In Czechoslovakia, domestic products were registered as Ultraphon, while those destined for international markets were released under the Supraphon brand. This is a key distinction. Supraphon is a name originally derived from an extravagant playback device with two arms and two speakers, invented in Berlin by Heinrich J. Küchenmeister, and was an export brand from the very beginning. A label intended to sound cosmopolitan and modern. A label created to travel across borders. From the perspective of 1969, this is an irony that cannot be overstated.

In the 1930s, the label released recordings by popular performers (R. A. Dvorský, Vlado Klemens, Josef Skupa, Karel Vacek, and brass music), and was also involved in classical music, jazz, swing, and spoken word. Prague was then one of the most cosmopolitan cities in Central Europe, and Ultraphon/Supraphon was its sonic mirror.
Nationalization: How Supraphon Became the State
The war swept everything away. It was followed by President Beneš’s decrees and a new order. After World War II, like other major Czechoslovak record labels from the First Republic era—such as Esta—Ultraphon was nationalized in 1946. Both Ultraphon and Supraphon were used on the Czechoslovak market, while international products were labeled under the Mercury Records brand. The company Ultraphon A.S. was renamed Supraphon A.S.
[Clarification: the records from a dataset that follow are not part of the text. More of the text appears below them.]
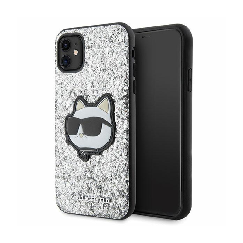 Karl Lagerfeld NFT Glitter Choupette Patch - pouzdro pro iPhone 11 (stříbrné)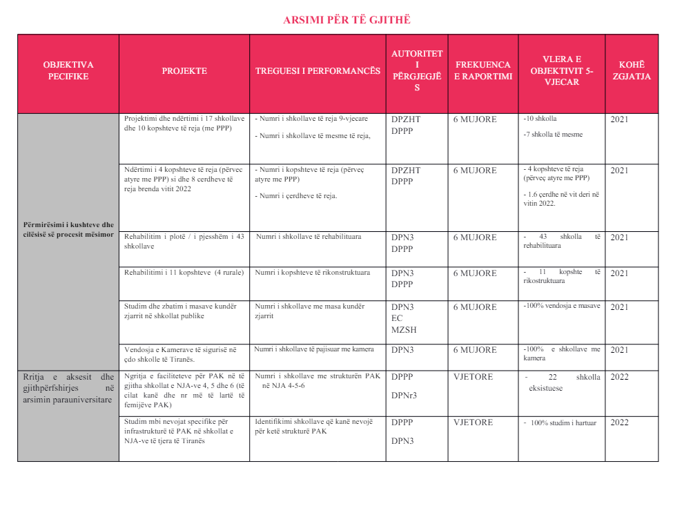 “Infrastrukturë e përmirësuar, arsimore dhe akomoduese përmes ndërtimit të 13 shkollave dhe 22 kopshteve e çerdheve të reja, si dhe ndërtimi i 3 godinave të konvikteve dhe rikonstruksioni i 19 godinave të tjera deri në fund të vitit 2027”, – thuhet në relacionin shoqërues të PBA.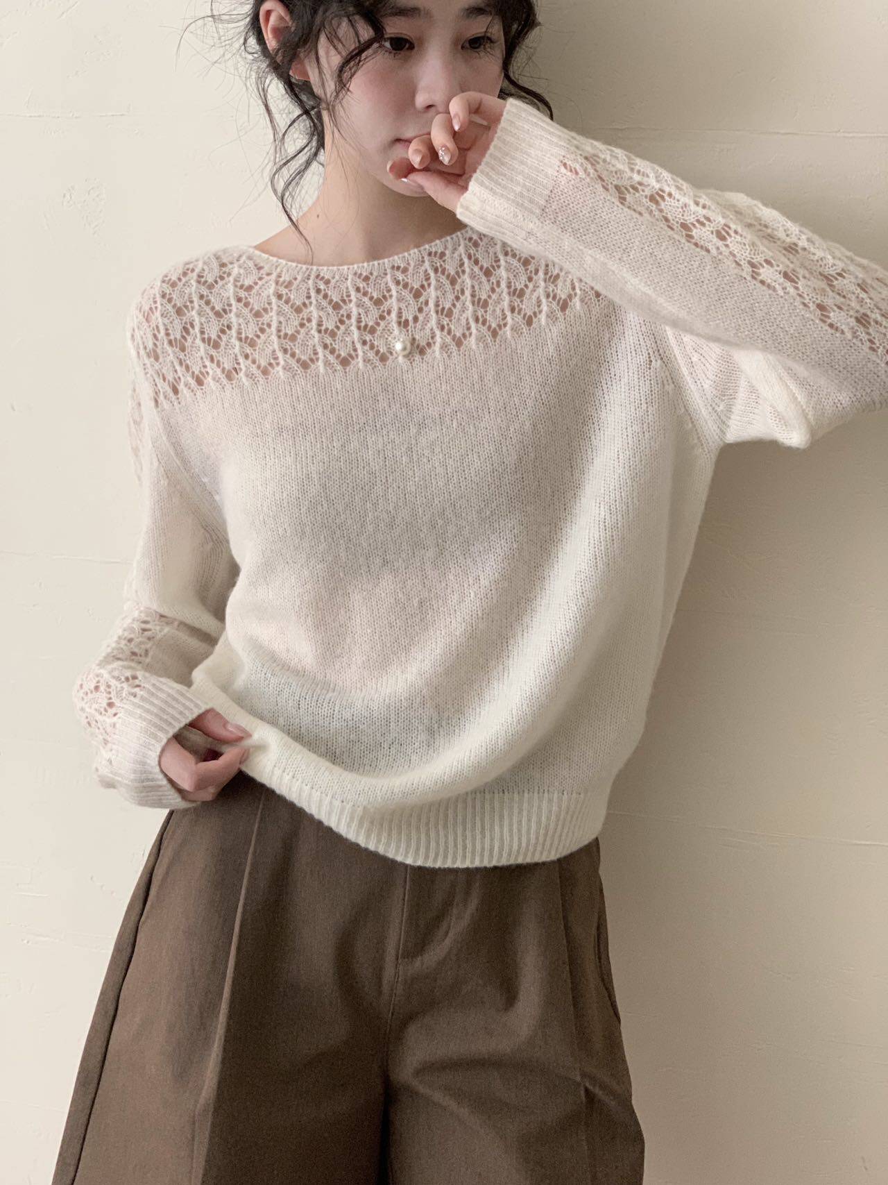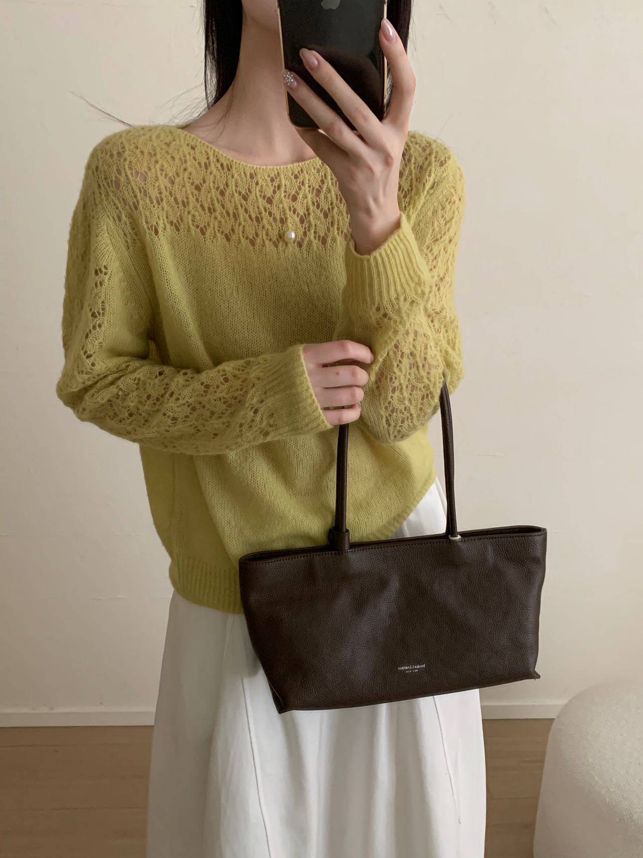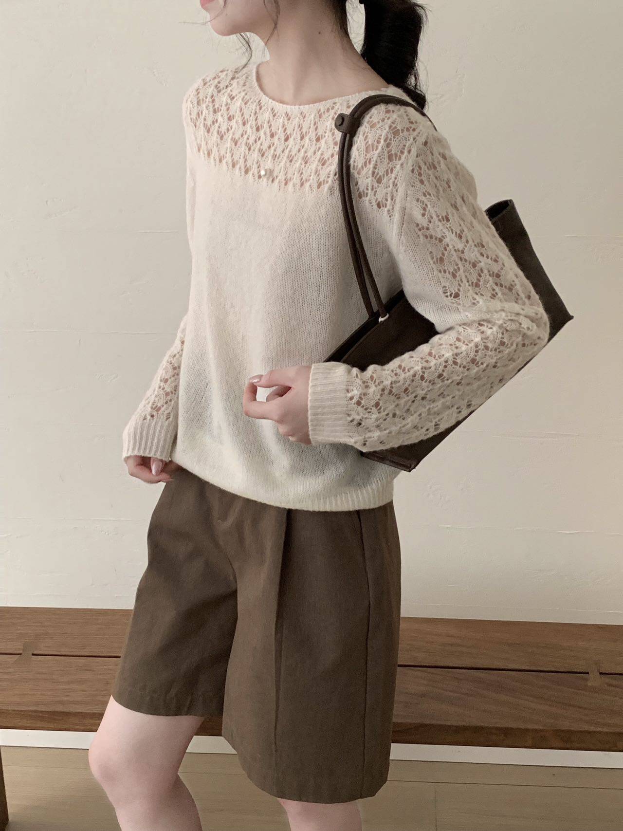 Alpaca Wool 27120 Spring New Korean Style Loose Slimming Round Neck Hollow Knit Sweater for Women Versatile Sweater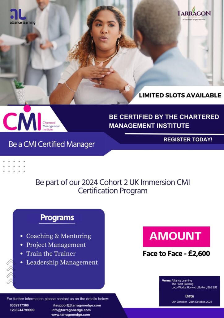 CMI CERTIFICATION PROGRAM Full Name Email Address Phone Do you require a VISA? YesNo Amount Select£2,100 - Virtual Classroom£2,600 - Face to Face Payment Method Credit CardDirect Bank Transfer Pay Online Click here to pay online Payment Options MTN MoMo (0247137713)First Atlantic Bank East Legon ( 0765972751029 GHS / 0765971112035 USD )BANK OF AMERICA (3850 3081 6604) Note: Proceed to payment manually to any of the accounts listed above. I Agree To All Terms & Conditions! Δ Page 1Page 2Page 3Page 4

The Supraphon logo, the “Lion with a Lyre,” was registered in 1949. It was no longer an export brand, but—in the rhetoric of the ruling authorities at the time—a national institution of socialist culture. And that is how it was treated. Supraphon was granted a monopoly on the music industry in a way that no Western label had ever experienced. The state served simultaneously as publisher, distributor, sole owner of the factories, and sole payer of royalties.
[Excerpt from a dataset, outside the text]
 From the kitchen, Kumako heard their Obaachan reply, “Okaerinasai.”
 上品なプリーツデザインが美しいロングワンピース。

In 1961, the name was changed to Gramofonové závody Supraphon, and it was not until 1969 that it was simplified to simply Supraphon. In Czechoslovakia, Supraphon was one of the three main state-owned labels. The other two were Panton and Opus. Panton focused mainly on experimental music and jazz, while Opus, based in Bratislava, served the Slovak market. But Supraphon was the flagship. The one that recorded the Czech Philharmonic. The one that exported. And the one that had contacts with the West.
The Golden Catalog: Talich, Ančerl, Smetana, Dvořák

Let’s be clear: Supraphon was first and foremost a classical music label—and one of the best in Europe at the time. The Supraphon archives contain recordings of the Czech Philharmonic under the baton of Václav Talich, Karel Ančerl, Karel Šejna, Václav Neumann, and others, as well as recordings by Saša Večtomov and non-Czechoslovak artists such as Sviatoslav Richter, Emil Gilels, Mstislav Rostropovich, Ida Haendel, Henryk Szeryng, Hélène Boschi, and André Gertler. It’s a list featuring half of the Western elite. At the height of the Cold War. How is that possible?
The answer is simple: foreign exchange. The socialist state desperately needed hard currency, and Supraphon, with its classical recordings sold in London, Paris, Tokyo, and New York, was one of its most effective sources. Talich’s recordings of Smetana’s Má vlast and Ančerl’s performances of Dvořák’s symphonies were reviewed in Gramophone alongside releases from Decca and DG. This was not propaganda. This was “world-class” quality.
Supraphon’s first stereo records were released in 1961, although recordings in this format had been made since 1958. The earliest stereo popular music was recorded in 1964. In the 1970s, Supraphon released some records in four-channel stereo using the quadraphonic (SQ) system. Technically, the Czechs were on par with the West, or lagged only slightly behind.
In the 1960s, Supraphon operated several recording studios in Prague. The oldest of these was located in Strahov and was used primarily for recording pop music albums. Another, slightly newer studio was located in Dejvice. Recordings of spoken word were produced in a specialized studio in Lucerna, in the center of Prague. Classical music was recorded in the magnificent halls of the Rudolfinum. In the 1970s, Supraphon built a modern studio at the Mozarteum on Jungmannova Street in Prague 1, intended primarily for recording popular music. Some albums were recorded at the Smetana Theater. Later, a new studio was built in Hrnčíře.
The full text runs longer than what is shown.